» **DESCRIPTION OF THE TASK**
The records below must be transcribed exactly, with each picture left out.

» **MATERIAL SHOWN**
________

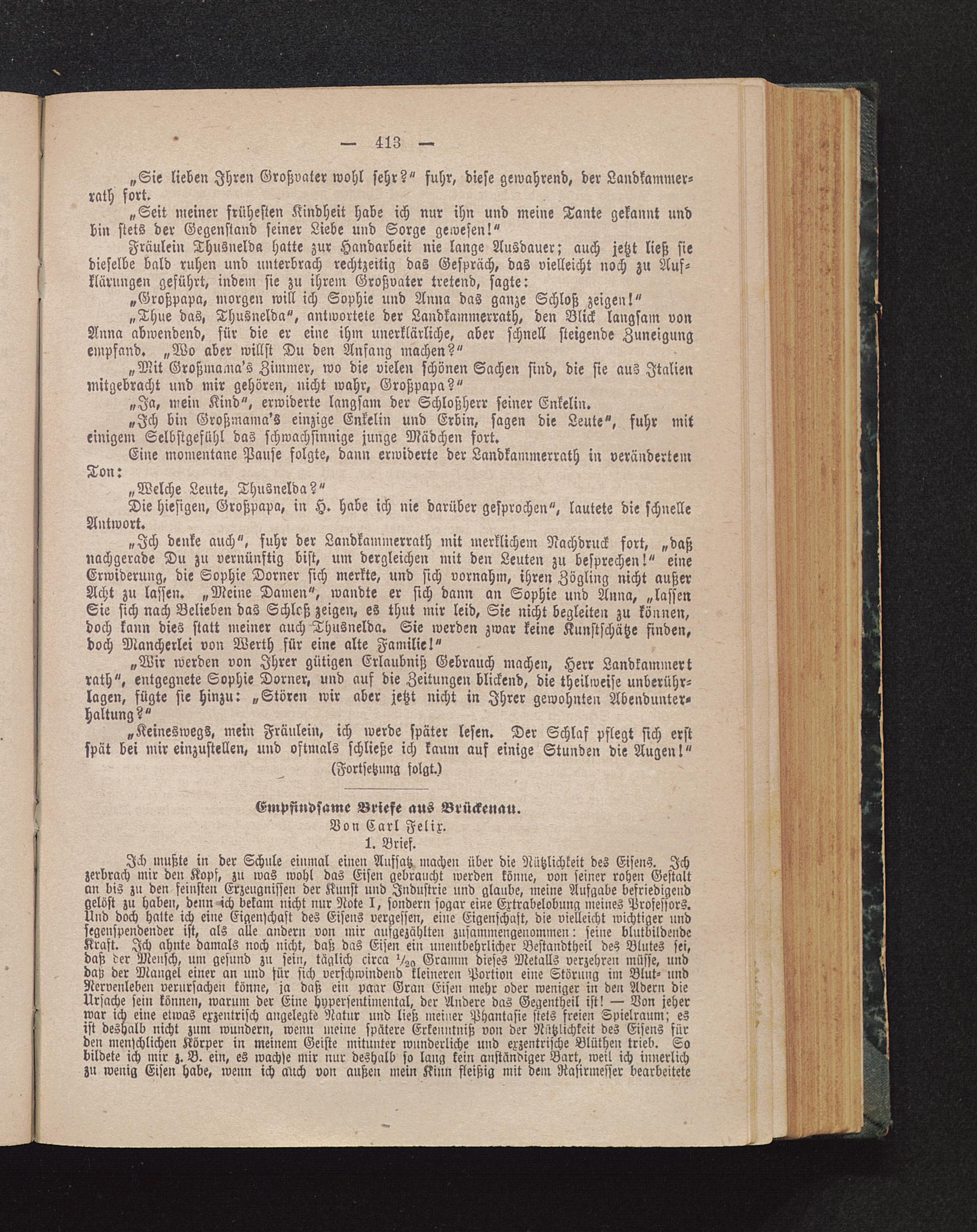 „Ich denke auch", fuhr der Landkammerrath mit merklichem Nachdruck fort, „daßnachgerade Du zu vernünftig bist, um dergleichen mit den Leuten zu besprechen!" eineErwiderung, die Sophie Dörner sich merkte, und sich vornahm, ihren Zögling nicht außerAcht zu lassen. „Meine Damen", wandte er sich dann an Sophie und Anna, „lassenSie sich nach Belieben das Schloß zeigen, es thut mir leid, Sie nicht begleiten zu können,doch kann dies statt meiner auch Thusnelda . Sie werden zwar keine Kunstschätze finden,doch Mancherlei von Werth für eine alte Familie!"
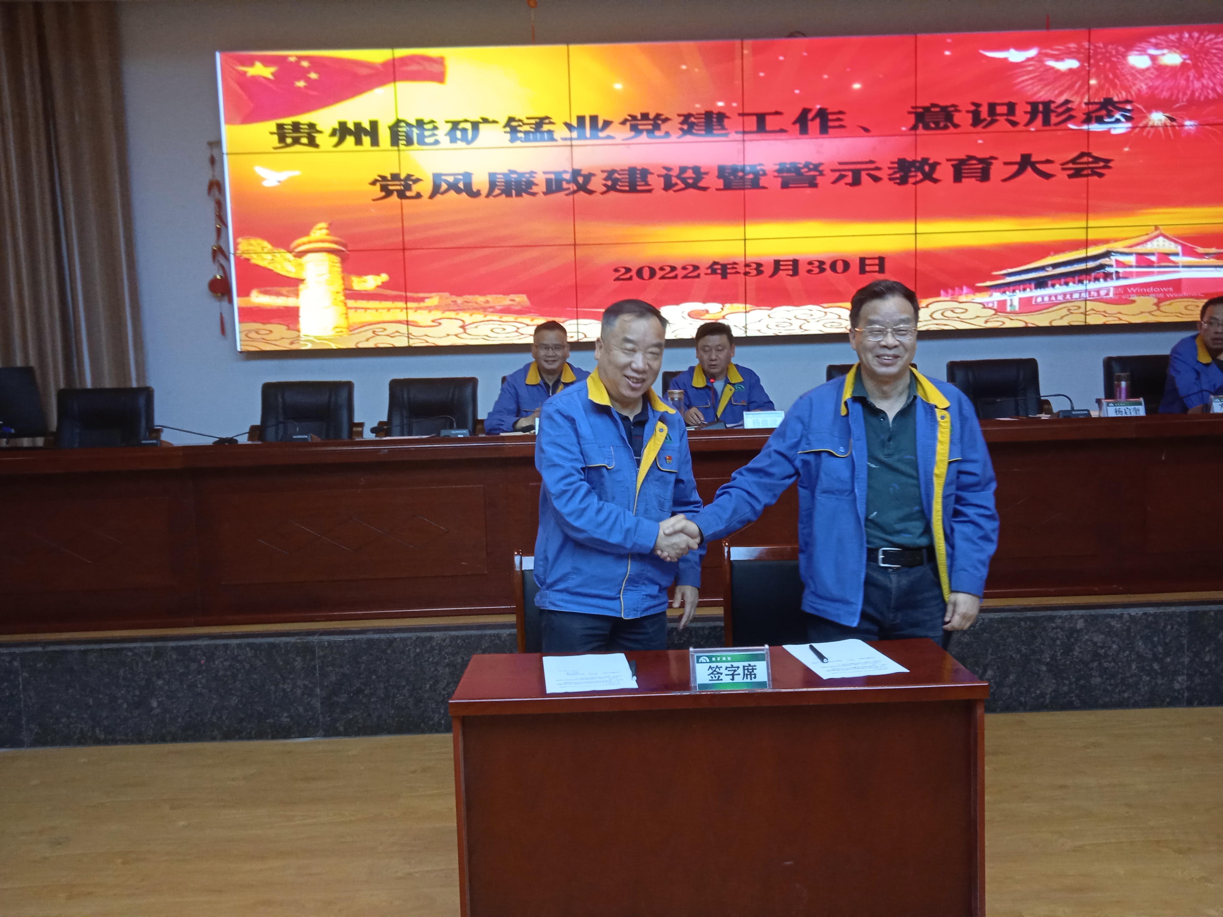 會前,楊曲波領(lǐng)學(xué)了習(xí)近平總書記在慶祝中國共產(chǎn)黨成立 100周年大會上的講話、十九屆六中全會、省第十二屆十次全會等精神,通報西南能礦集團(tuán)黨委2021年意識形態(tài)工作情況,部署能礦錳業(yè)2022年意識形態(tài)工作。公司黨委委員、紀(jì)委書記樊志領(lǐng)學(xué)十九屆中紀(jì)委六次全會精神,并作2021年度紀(jì)委工作報告。組織觀看警示教育紀(jì)錄片《零容忍》。會上,肖居廣與公司總經(jīng)理楊啟奎簽訂2022年履行黨風(fēng)廉政建設(shè)“一崗雙責(zé)”責(zé)任書,與新能源材料分廠、建強(qiáng)公司、經(jīng)營部簽訂《2022年黨風(fēng)廉政建設(shè)目標(biāo)管理責(zé)任書》。
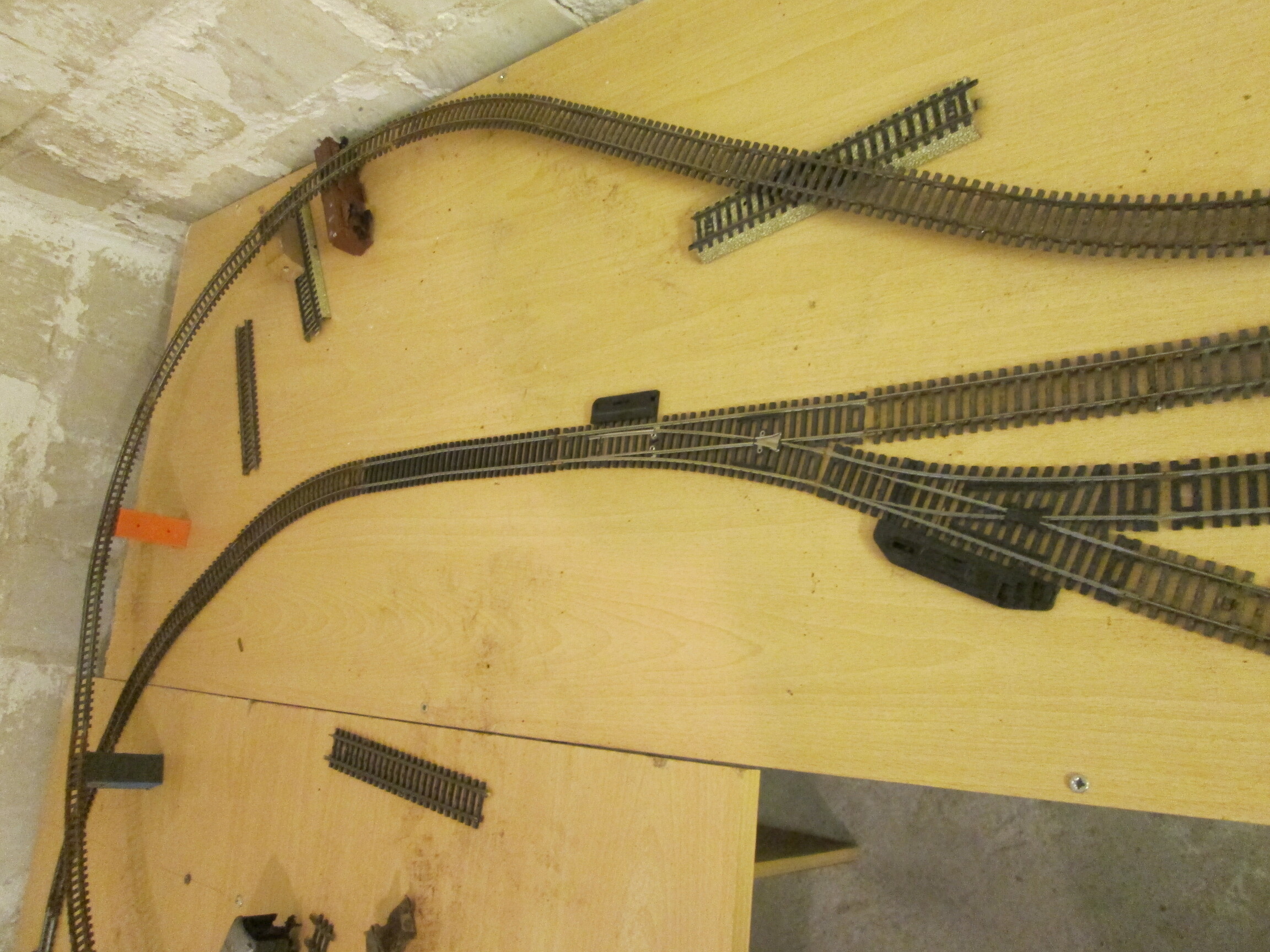 было а стало теперь так завтра и после завтра буду доводить некоторые места стыковки. это на станции (при сдвиге ветки поворота немного разобрал станционный участок. плюс подумываю об увеличении длины маленького запасного участка либо переформировать сами пути) и на последнем фото справа стрелка (там пока просто приложено)
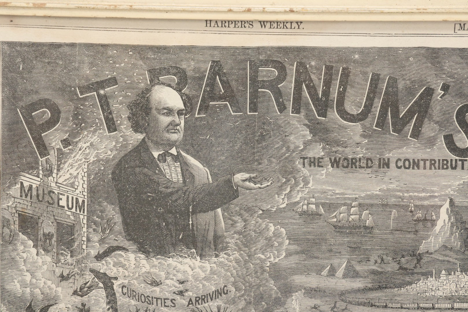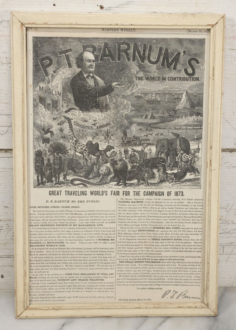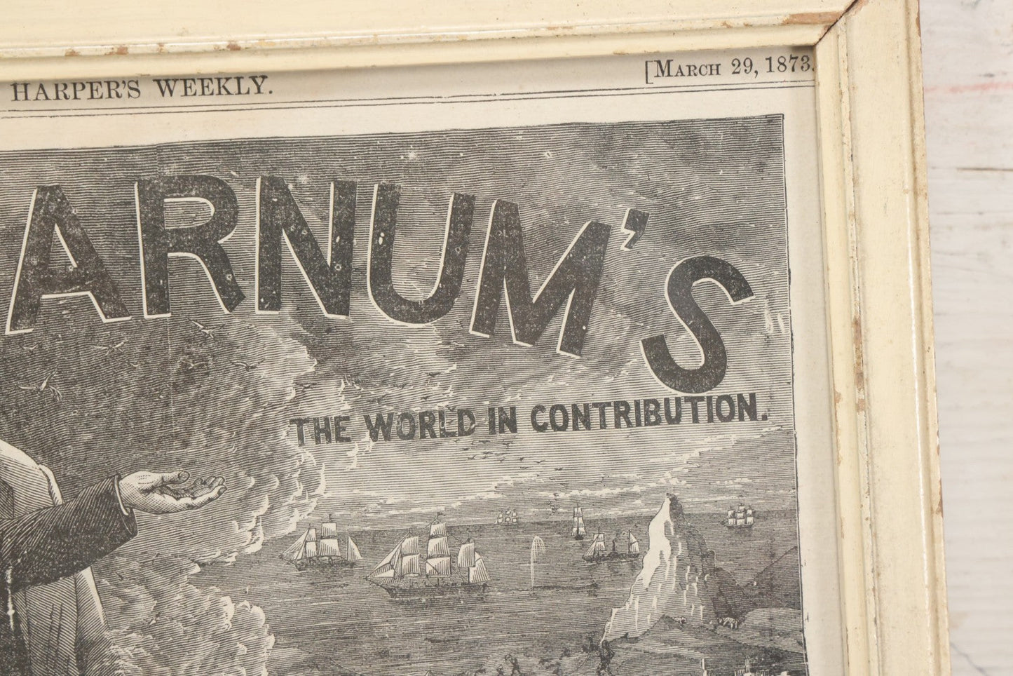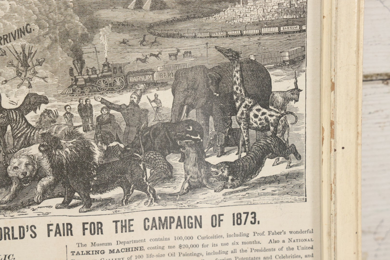 Lot 046 - Antique Advertisement Clipping For P.T. Barnum's Great Traveling World's Fair For The Campaign Of 1873, From Harper's Weekly Magazine, March 29th, 1873 In Frame, 11" x 16-1/4"
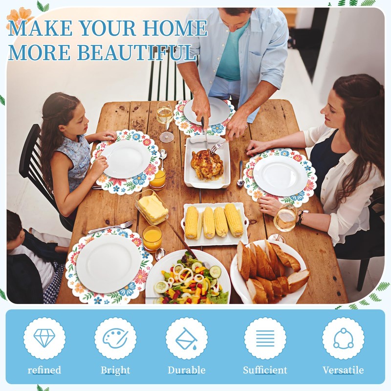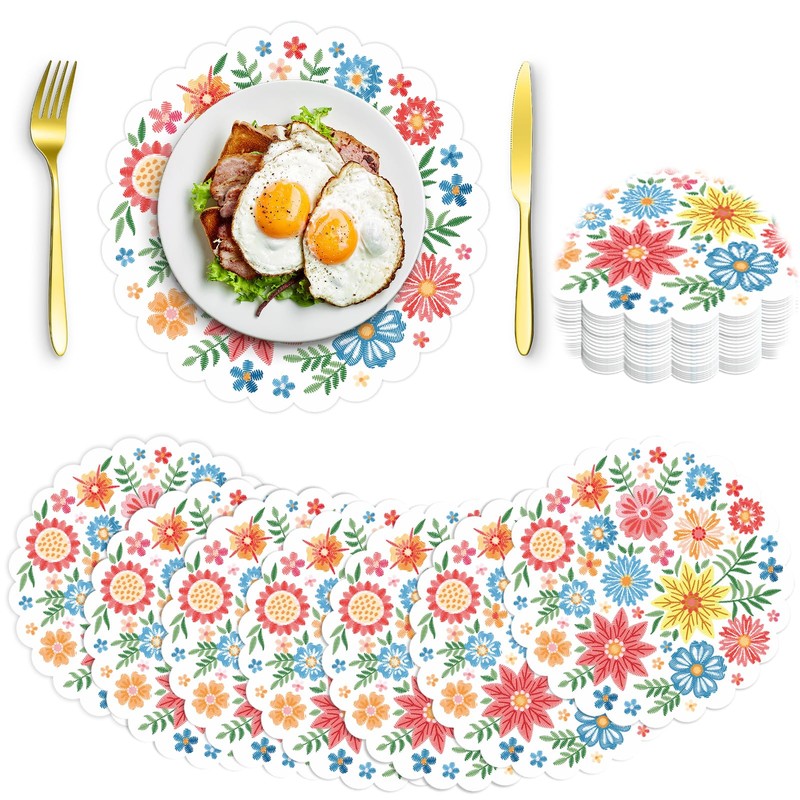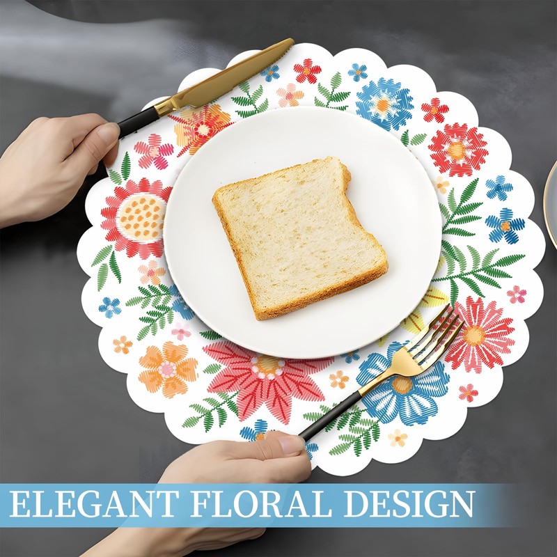 100pcs 13.5" x 13.5" Round Disposable Floral Place Mats – Embroidered Spring Design Embroidered Flowers Place Mat for Summer Table Setting

________

» **REPLY**
 „Ich denke auch", fuhr der Landkammerrath mit merklichem Nachdruck fort, „daßnachgerade Du zu vernünftig bist, um dergleichen mit den Leuten zu besprechen!" eineErwiderung, die Sophie Dörner sich merkte, und sich vornahm, ihren Zögling nicht außerAcht zu lassen. „Meine Damen", wandte er sich dann an Sophie und Anna, „lassenSie sich nach Belieben das Schloß zeigen, es thut mir leid, Sie nicht begleiten zu können,doch kann dies statt meiner auch Thusnelda . Sie werden zwar keine Kunstschätze finden,doch Mancherlei von Werth für eine alte Familie!"
 會前,楊曲波領(lǐng)學(xué)了習(xí)近平總書記在慶祝中國共產(chǎn)黨成立 100周年大會上的講話、十九屆六中全會、省第十二屆十次全會等精神,通報西南能礦集團(tuán)黨委2021年意識形態(tài)工作情況,部署能礦錳業(yè)2022年意識形態(tài)工作。公司黨委委員、紀(jì)委書記樊志領(lǐng)學(xué)十九屆中紀(jì)委六次全會精神,并作2021年度紀(jì)委工作報告。組織觀看警示教育紀(jì)錄片《零容忍》。會上,肖居廣與公司總經(jīng)理楊啟奎簽訂2022年履行黨風(fēng)廉政建設(shè)“一崗雙責(zé)”責(zé)任書,與新能源材料分廠、建強(qiáng)公司、經(jīng)營部簽訂《2022年黨風(fēng)廉政建設(shè)目標(biāo)管理責(zé)任書》。
 было а стало теперь так завтра и после завтра буду доводить некоторые места стыковки. это на станции (при сдвиге ветки поворота немного разобрал станционный участок. плюс подумываю об увеличении длины маленького запасного участка либо переформировать сами пути) и на последнем фото справа стрелка (там пока просто приложено)
 Lot 046 - Antique Advertisement Clipping For P.T. Barnum's Great Traveling World's Fair For The Campaign Of 1873, From Harper's Weekly Magazine, March 29th, 1873 In Frame, 11" x 16-1/4"
 100pcs 13.5" x 13.5" Round Disposable Floral Place Mats – Embroidered Spring Design Embroidered Flowers Place Mat for Summer Table Setting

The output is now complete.